A barrel link and internal extractor—not a cam block or coil-spring-powered external extractor—are used for many of the same reasons. And the skeletonized, low-mass hammer looks great and is as functional as the old knurled spur.
As you might have guessed, the pioneers of investment casting used a few castings. The frame is cast from Ruger-proprietary 415 stainless steel. The custom pistolsmiths and purists are probably now throwing this issue of Guns & Ammo across the room, but the plain and simple truth is that cast parts, including frames, work fine.
Heck, aluminum-framed 1911s have been around for years (most of my pistols have plastic molded frames). Ruger’s in-house investment-casting division, Pine Tree Castings, has been making 1911 frames for other companies for decades, and some of those companies build very high-end competition pistols that handle tens of thousands of rounds each year without issue.
“The 1911 is not an easy pistol to build,” Gurney says. “Many of the custom houses make their parts slightly oversize and then hand fit them, but that’s expensive. Many people can’t spend that much money, so our charge was to make an affordable, good-fitting and -feeling, accurate pistol that people are proud to own. Cast frames allow us to do that.”
In fact, nearly every part in the pistol is a casting, or metal injection molded, except the slide, which is machined from 416 stainless steel. Why not cast the slide?
“A 1911 slide lacks the complex geometry that is present, for example, in a P-Series pistol and doesn’t allow the cost benefits of an investment casting to shine,” Gurney says. “In the end, it came down to cost. We can machine a slide from bar stock less expensively than we can make it from a casting.”
Barrels are made in-house, and though Ruger is big on hammer forging, the integral feed ramp of the 1911 required too large a forging blank to allow that process. Instead, the 410 stainless steel barrels are broached. Both the frame and feed ramp are given a mirror polish to improve reliability with various bullet profiles.

Having shot a 1911 manufactured in 1917 and some other close-to-original copies of mil-spec World War II-issue pistols, I can say a few things about the original 1911. It points and feels great, but it has a so-so trigger, lousy sights and smallish safety, and if you get cute, the hammer/slide will bite you. All these shortcomings have been dealt with over the past 70 or 80 years, and Ruger smartly followed suit.
The long trigger is skeletonized aluminum with an overtravel stop. It is also smooth with a clean break; the sample averaged four pounds, eight ounces. The thumb safety is not oversize like those on race guns, but it has a slightly longer and wider paddle than G.I. spec. The same goes for the magazine release. The mainspring housing was another tough call, but more people wanted the flat version instead of an arched housing, and it wears fine checkering.

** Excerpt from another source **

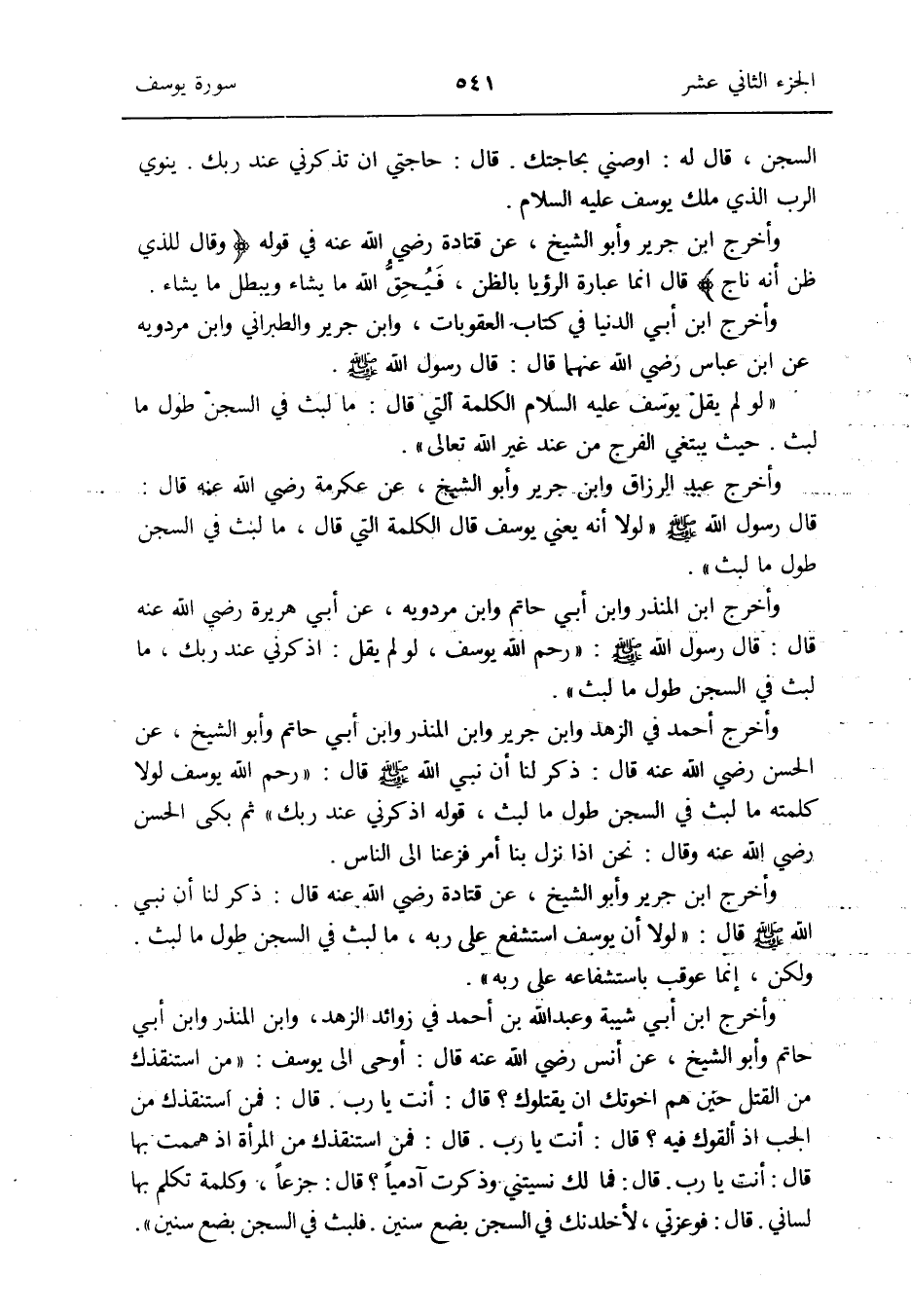 وَأخرج ابْن جرير وَأَبُو الشَّيْخ عَن قَتَادَة رَضِي الله عَنهُ قَالَ: ذكر لنا أَن النَّبِي اله صلى الله عَلَيْهِ وَسلم قَالَ: لَوْلَا أَن يُوسُف استشفع على ربه مَا لبث فِي السجْن طول مَا لبث

“The safety is larger than the original, but it’s not so big as to be called oversize,” Gurney says. “People wanted a speed bump and a beavertail grip safety. Those are concessions to shootability.”
One critical addition, especially for those of us who grew up shooting with a grip so high it’s almost off the pistol, is a hammer-cupping beavertail grip safety with a speed bump. Lack of bite is the obvious advantage, but the speed bump alleviates my biggest complaint about original 1911s—they do not go bang every time I pull the trigger. It is no fault of the pistol, but my grip has evolved aggressively upward to the point that a 1911’s grip safety is not depressed enough to be disengaged. Although a few rubberbands or a small plastic wedge would solve the problem, the speed bump solves it right out of the box and looks better (though Browning, for the record, never saw the need for a grip safety in the first place).
Novak sights with a three-dot pattern are standard, and they sit in a dovetail slot and are adjustable for windage. The rear sight is locked in place with a small set screw. The sight height was designed to put bullets in the 185- to 230-grain range on target (plus or minus two inches at 25 yards), but commonly available front sights of varying heights should easily fix any point-of-impact issues if your ammo gets exotic.
Ruger heat-treats the stainless steel barrel, slide and frame in-house, and once all the parts are properly fit, it gives the pistol a matte, bead-blast finish that is quite attractive. The sights, slide lock, magazine release, grip and thumb safeties are matte black. Rubber grips from Hogue are also flat black and have the classic diamond-shaped checkering interruption around the grip screws. My dad used to joke that, if rained-in, a fellow could always sit in camp and read his Ruger. That is not the case with the SR-1911.
“We tried to engrave the entire manual on the slide but could not get the font size small enough,” Gurney jokes. “Actually, a great deal of effort went into choosing every detail of the engraving. We wanted a classy, classic-looking 1911 that was undeniably a Ruger.”
The frame is laser engraved with a serial number and place of manufacture, as required, and the right-side slide flat wears the Ruger phoenix. The caution to “read the owner’s manual” is presented neatly on the bottom of the dustcover. Prominently engraved on the left-side slide flat is “Ruger” and “Made in the USA.”
“We make the frame, slide, barrel and barrel bushing here at Ruger,” Gurney says. “Other parts are produced for us by contractors, but every part is made right here in the United States—every part.”
The SR-1911 ships with two magazines, one with seven-round capacity and the other with eight. The stainless steel magazines, also produced in the U.S., do not come with bump pads, but they are drilled and tapped so that one could easily retrofit them should they want them.
Running the Gun
We had the SR-1911 (I say “we” because it was tough to pry it out of Metcalf’s hands and everyone else who saw it) for a very brief period, but we were able to give it a thorough evaluation. Volunteers were stacked five deep at the firing line, and in short order the sample pistol had 1,500 rounds downrange without a single failure to feed, fire or function. Accuracy was decent with the usual suspects—the more common carry loads—and it had an overall average of 3.65 inches for five-shot groups fired at 25 yards from a rest.
So how does the SR-1911 compare with other 1911s on the market? Pretty damn well. The pistol is accurate and reliable and will eat anything from 230-grain ball to “flying ashtray” JHPs and put them all into decent groups. Most custom 1911s will shoot groups half the size or smaller but cost three or four times as much as the Ruger. The pistol’s fit and finish is exceptional, and the operating system is ideal for those hell bent on having their 1911 “the way John Moses Browning intended.”
Even for younger handgunners who don’t get weepy-eyed at the mention of ol’ slabsides, the SR-1911 will do wonderfully for self-defense or a day at the range. It packs a wallop but is, as tens of thousands will testify, a pistol that shoots easily and points naturally.
Given the fact that its street price should settle at around $640, the SR-1911 is eminently affordable. Purists such as Mr. Metcalf can certainly appreciate the SR-1911’s homage to its martial roots—save a few refinements that make it shoot and handle better.
Ruger has heavily impacted the handgun market recently with innovative new products such as the LCP and LCR, which are startling in their use of new technologies and Yankee innovation to solve old problems.
The SR-1911 is a straight-up, straight-down old design, and there is not an original part in it. But this still-effective platform has been wonderfully done, and the sum of these parts is an elegant, practical pistol that gives you a lot for your dollar.

The SR-1911, as you’d expect considering its lineage, will do wonderfully for self-defense or a day at the range.